Сдача и гибель советского интеллигента, Юрий Олеша (Белинков) - страница 59

Если довольствоваться только сказочным пером, легкой тенью и тонкой черточкой, то дальше наблюдения над морфологией сказки и генезисом ее мотивов мы не пойдем никуда.

Но ведь роман сказочный...

Но ведь сказка это не только сказка...

Юрий Oлеша написал политический, но сказочный роман, и о нем следует говорить как о политическом, но сказочном романе.

О сказочном аллегорическом романе "Три толстяка" нужно говорить не столько в связи с образами его героев, сколько в связи с идеями, которые потом стали образами. Нельзя писать "образ директора балагана", но можно говорить о том, что идея режиссера Орловского, который недвижно встанет через семь лет в "Списке Благодеяний", были намечены в словах и поступках директора балагана. Было бы наивностью говорить о характере вождя восстания оружейника Просперо, который пересек из конца в конец роман, держа в руках знамя, и больше ничего не сделал, или о Третьем Толстяке как личности, которому отдавил ногу Второй Толстяк, но можно говорить о том, что в героях будущих произведений Oлеши на мгновение появившиеся черты революционера Просперо заплыли жиром Первого, Второго и Третьего Толстяков.

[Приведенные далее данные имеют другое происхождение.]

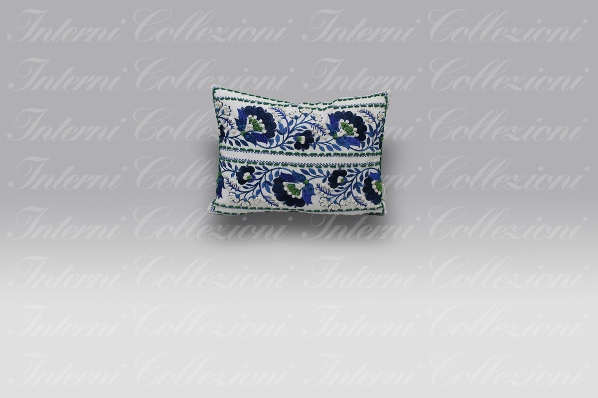 Questo splendido cuscino ricamato è caratterizzato da due fasce floreali in splendidi colori
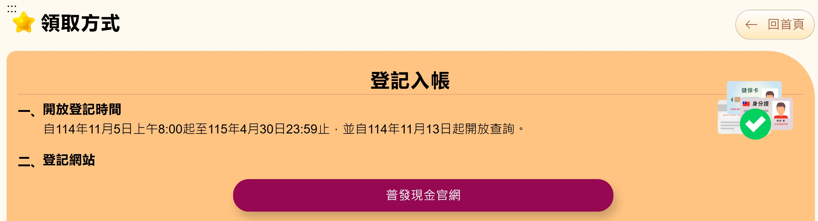 完成上網登記的民眾,自 11/13 起可至「普發一萬元官網(普發現金一萬網站)」,輸入身分證號、健保卡號,查詢登記結果。
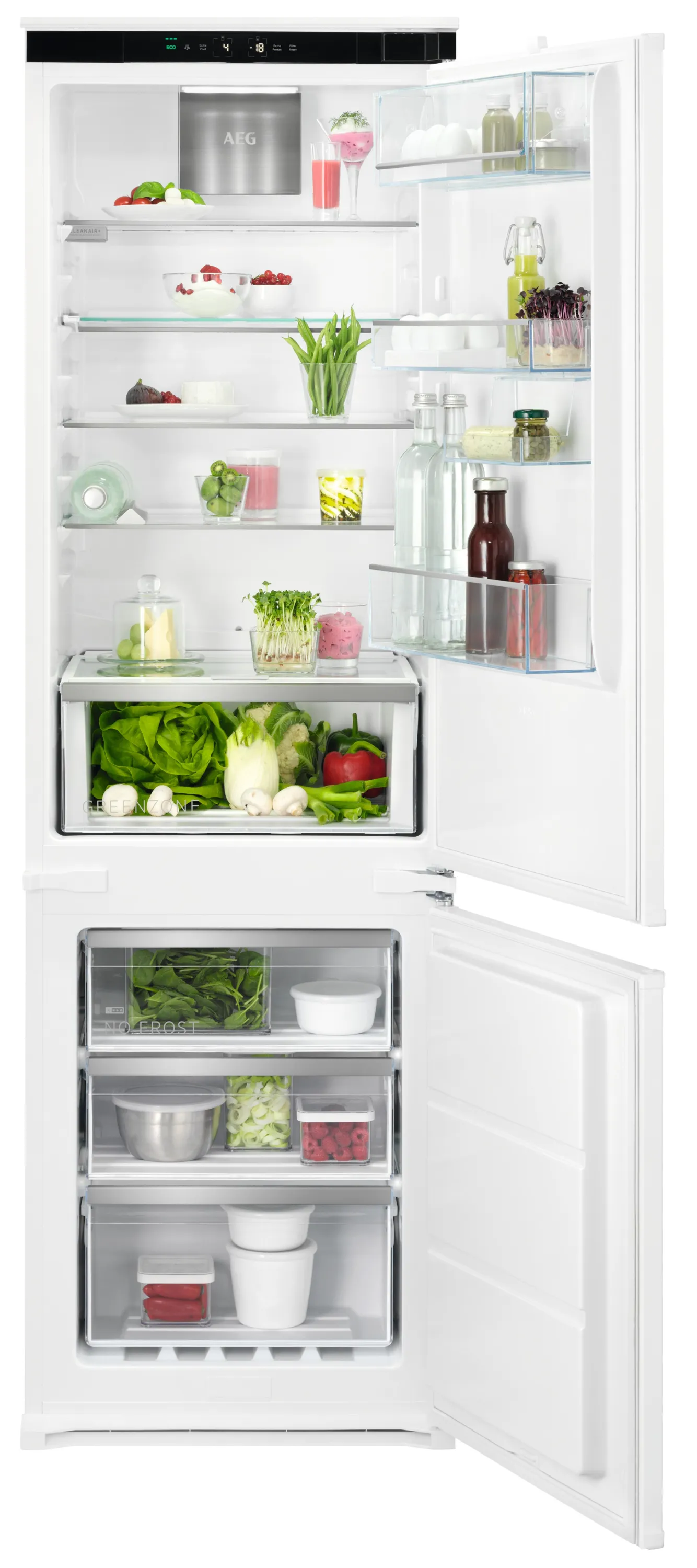 Die AEG TSC7G183DS Einbau-Kühl-Gefrierkombination mit moderner Schlepptür-Technik vereint innovative Frischhaltetechnologien, hohe Energieeffizienz und elegantes Design für Ihre Küche. Dank NoFrost- und TwinTech®-System bleiben Ihre Lebensmittel länger frisch – ganz ohne manuelles Abtauen.
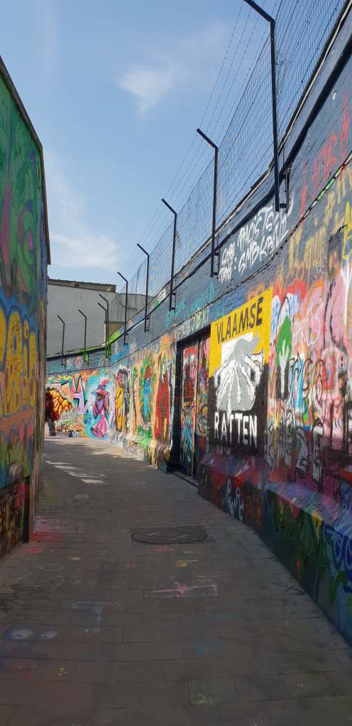 (I initially identified Ghent as Bruges. That was a mistake. What made me realize it a few days after posting was the graffiti-lined street, which I labeled in my files as “Graffiti in Ghent.”)
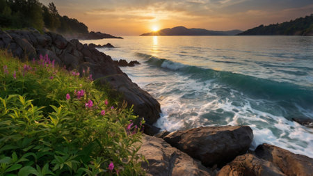 Witnessing the mesmerizing beauty of ocean waves crashing against rocks under a stunning sunset sky
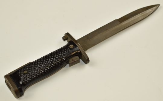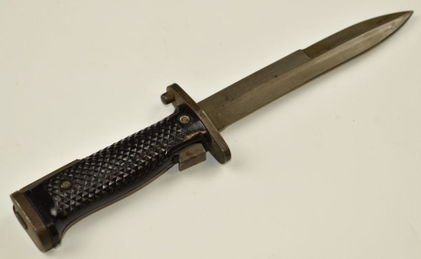 Danish 1955 pattern bayonet with chequered grips, 17cm blade, wooden scabbard marked HTK and frog. PLEASE NOTE ALL BLADED ITEMS ARE SUBJECT TO OVER 18 CHECK ON COLLECTION OR DELIVERY
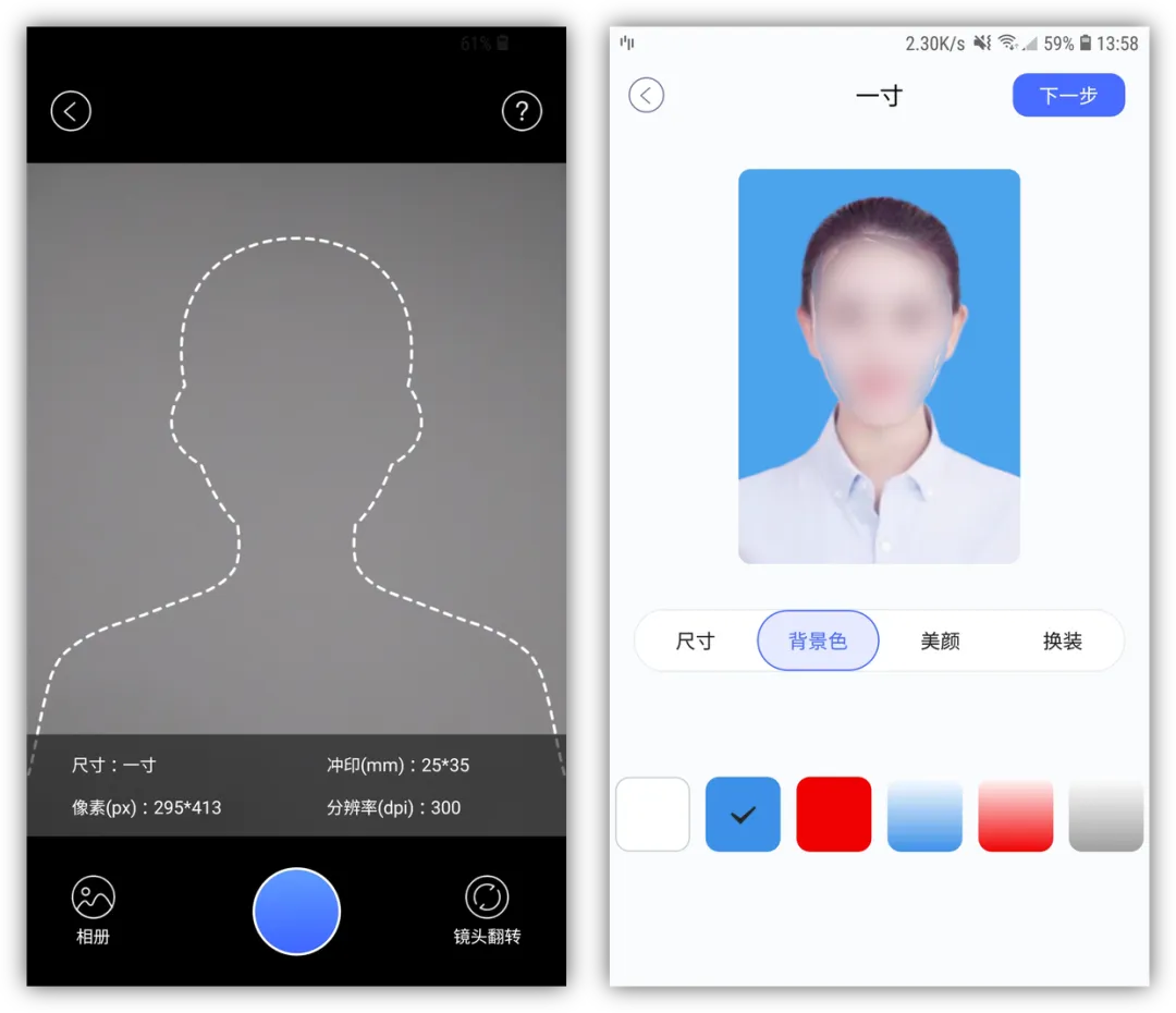 ②选择好照片规格后,自动打开相机,对准屏幕上的人像虚拟框,拍下自己的照片,随后自动生成证件照,照片背景任你切换,提供了白、蓝、红、渐变色。
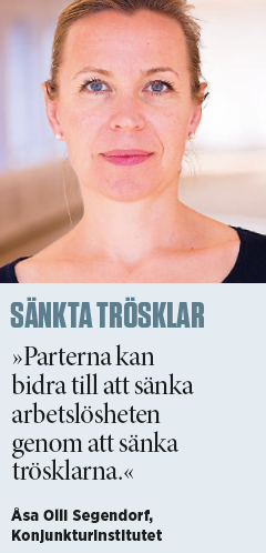 – Vår bedömning är att särskilt grupper med svagare arbetsmarknadsanknytning påverkas av höjda lägstalöner. Parterna kan bidra till att sänka arbetslösheten genom att sänka trösklarna. På kort sikt skulle en sänkning av lägstalöner-na främst öka sysselsättningschanserna för dem som står nära arbetsmarknaden, fortsätter hon.
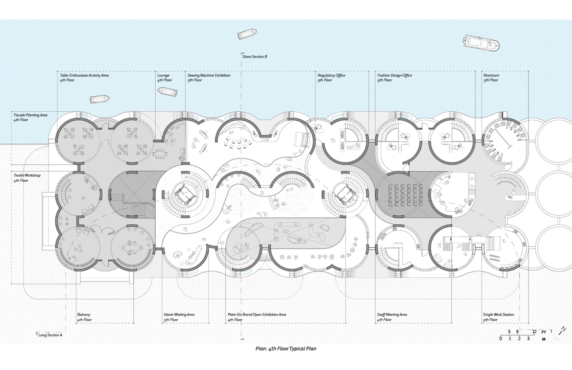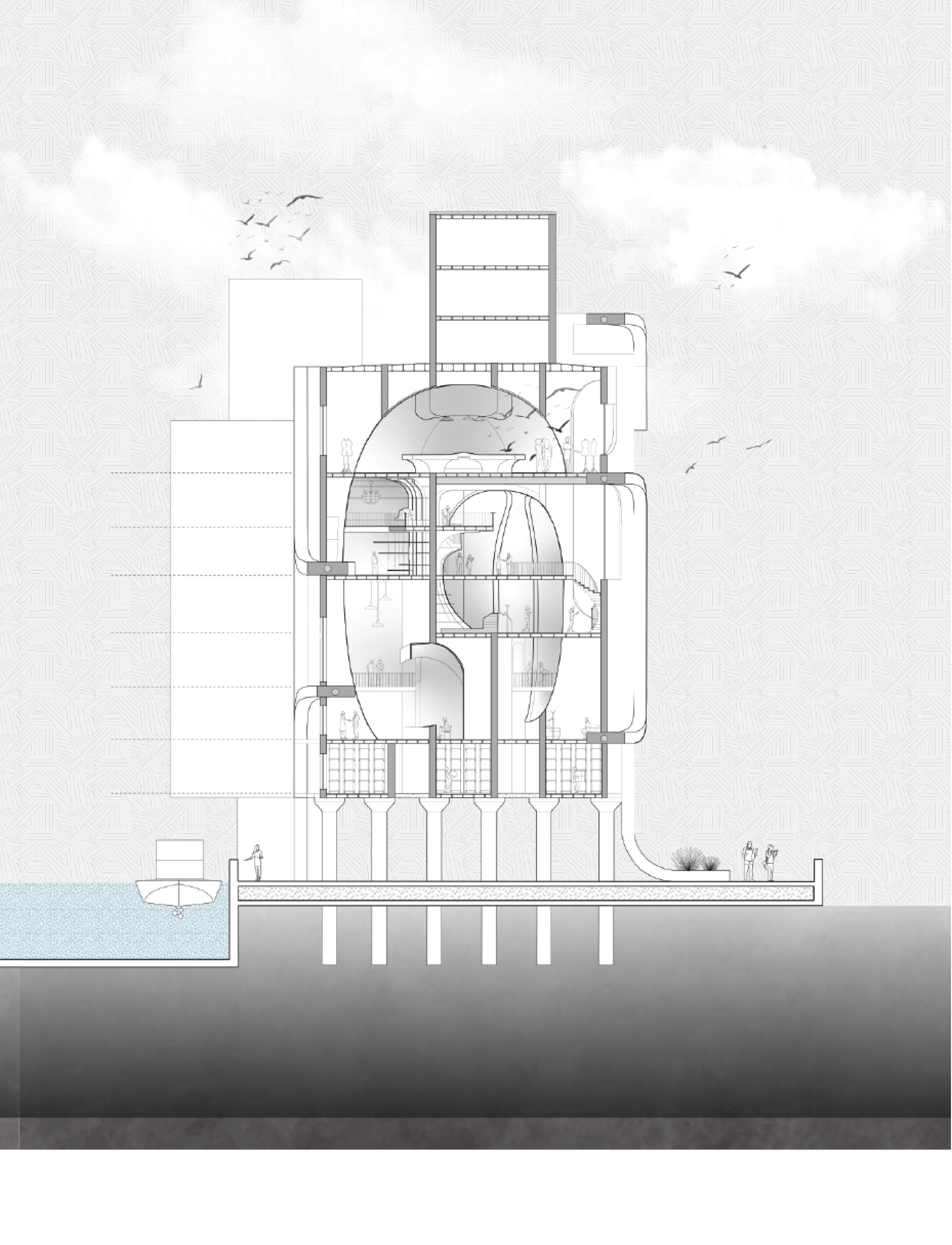 The project rebuilds community identity around the heritage of Red Hook’s tailoring and textile industries. Three intersecting circulation systems for visitors, tailors, and production facilitate encounters between artisans, students, and the public. The architecture becomes a social factory that transforms production into education and exhibition. By merging labor, learning, and leisure, the building embodies inclusivity and resilience.
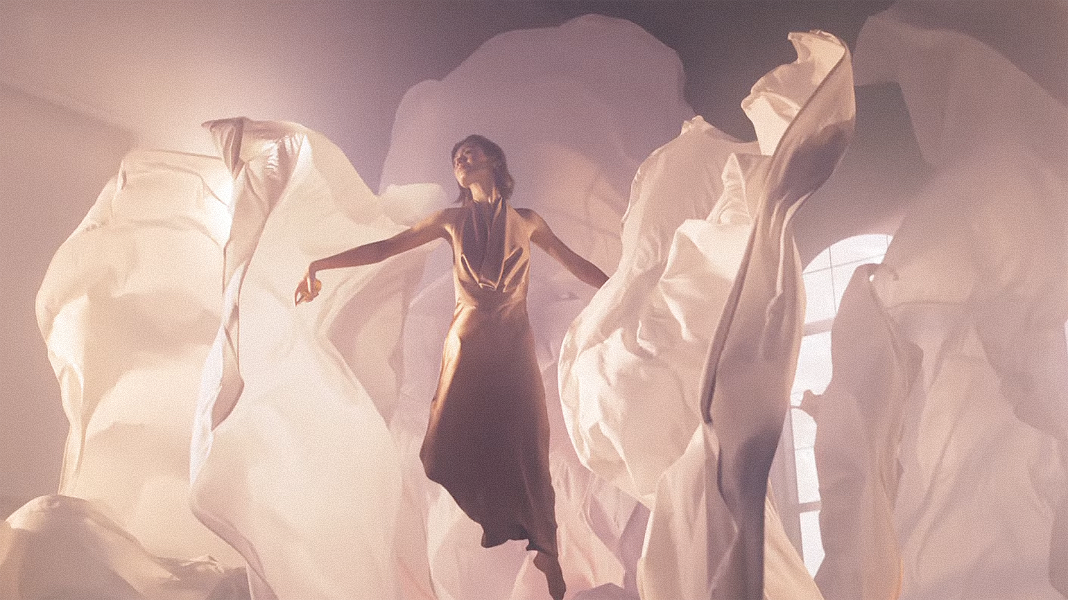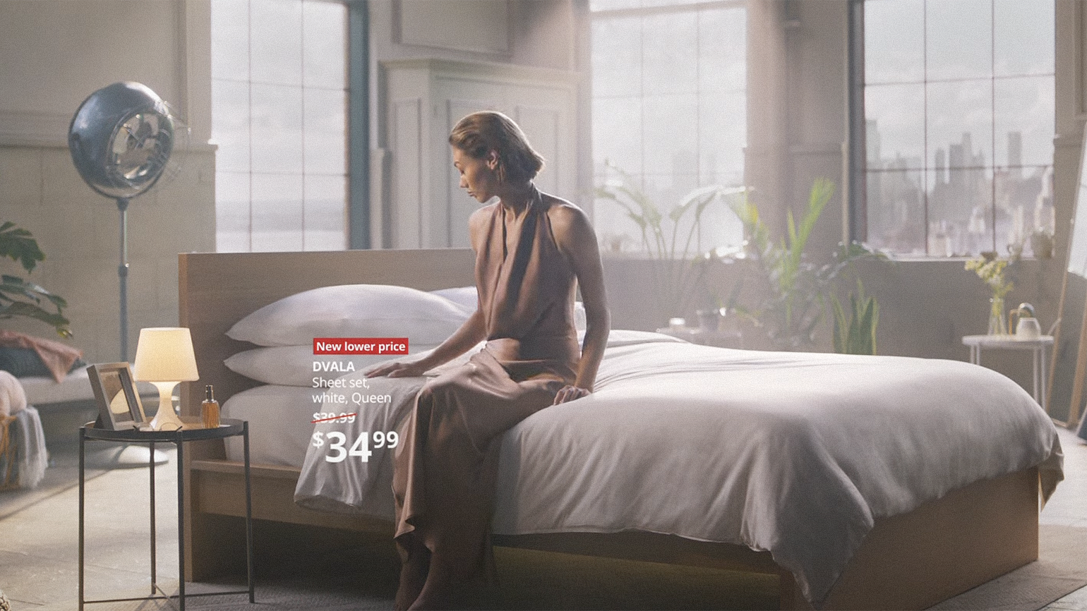 В первой рекламе женщина распыляет на себя духи, стоя в освещённой солнцем гостиной. И тут в замедленной съёмке вокруг неё начинают развеваться ткани. В конце простыни опускаются вниз, и оказывается, что это комплект постельного белья Dvala от IKEA, который стоит 34,99 доллара.

Странное и двойственное впечатление производят серьезные рассуждения о сказке. Несоответ-ствие голосов сказочника и литературоведа вызывают усмешку и фразу о глубокомыслии, достойном лучшего применения. Когда поэт плывет в лодочке сказки, приговаривая: "И взглянула Василиса Прекрасная, и вдохнула, и пригорюнилась...", а литературовед следом угрюмо выводит: "В образе Василисы Прекрасной, воплощающем...", то наблюдается несоответствие.

Ученый анализ сказки часто смешон, потому что при анализе неминуемо сталкиваются предельно разведенные речевые системы. Так как сведение таких далеко разведенных систем является одним из условий пародии, то все это и выглядит пародийным и охотно приводится в качестве образцового отрывка из какой-нибудь злополучной диссертации.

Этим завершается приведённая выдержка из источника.